Please copy every line of the data in which the string "with" appears.

▶

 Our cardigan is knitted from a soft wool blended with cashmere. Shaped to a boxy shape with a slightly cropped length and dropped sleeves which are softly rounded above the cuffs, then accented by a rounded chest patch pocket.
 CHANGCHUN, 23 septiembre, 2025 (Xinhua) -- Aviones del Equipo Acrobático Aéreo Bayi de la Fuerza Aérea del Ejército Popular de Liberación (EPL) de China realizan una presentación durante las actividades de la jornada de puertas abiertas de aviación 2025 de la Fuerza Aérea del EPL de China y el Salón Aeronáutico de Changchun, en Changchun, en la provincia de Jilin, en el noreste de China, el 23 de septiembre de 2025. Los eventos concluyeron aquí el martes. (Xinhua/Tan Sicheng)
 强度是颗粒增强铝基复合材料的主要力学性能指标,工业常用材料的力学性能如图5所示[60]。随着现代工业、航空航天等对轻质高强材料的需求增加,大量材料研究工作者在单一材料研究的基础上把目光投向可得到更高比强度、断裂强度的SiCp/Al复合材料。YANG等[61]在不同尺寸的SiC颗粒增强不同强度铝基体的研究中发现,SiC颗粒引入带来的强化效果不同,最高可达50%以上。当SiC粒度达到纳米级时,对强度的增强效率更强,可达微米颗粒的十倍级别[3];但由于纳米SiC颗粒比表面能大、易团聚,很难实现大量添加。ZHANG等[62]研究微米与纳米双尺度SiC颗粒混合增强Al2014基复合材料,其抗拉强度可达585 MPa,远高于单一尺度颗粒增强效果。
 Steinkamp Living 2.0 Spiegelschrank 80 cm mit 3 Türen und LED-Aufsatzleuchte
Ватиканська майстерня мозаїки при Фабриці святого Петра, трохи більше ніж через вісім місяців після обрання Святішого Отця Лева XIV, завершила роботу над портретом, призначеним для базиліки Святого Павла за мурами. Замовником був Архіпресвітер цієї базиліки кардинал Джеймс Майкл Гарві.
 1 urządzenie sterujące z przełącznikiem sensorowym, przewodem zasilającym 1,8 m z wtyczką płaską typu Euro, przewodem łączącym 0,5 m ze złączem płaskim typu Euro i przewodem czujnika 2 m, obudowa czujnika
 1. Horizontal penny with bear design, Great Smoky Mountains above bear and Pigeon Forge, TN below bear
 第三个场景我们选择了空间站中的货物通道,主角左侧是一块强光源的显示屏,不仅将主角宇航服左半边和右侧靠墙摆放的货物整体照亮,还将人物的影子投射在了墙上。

◀

## SOLUTION
 Our cardigan is knitted from a soft wool blended with cashmere. Shaped to a boxy shape with a slightly cropped length and dropped sleeves which are softly rounded above the cuffs, then accented by a rounded chest patch pocket.
 1. Horizontal penny with bear design, Great Smoky Mountains above bear and Pigeon Forge, TN below bear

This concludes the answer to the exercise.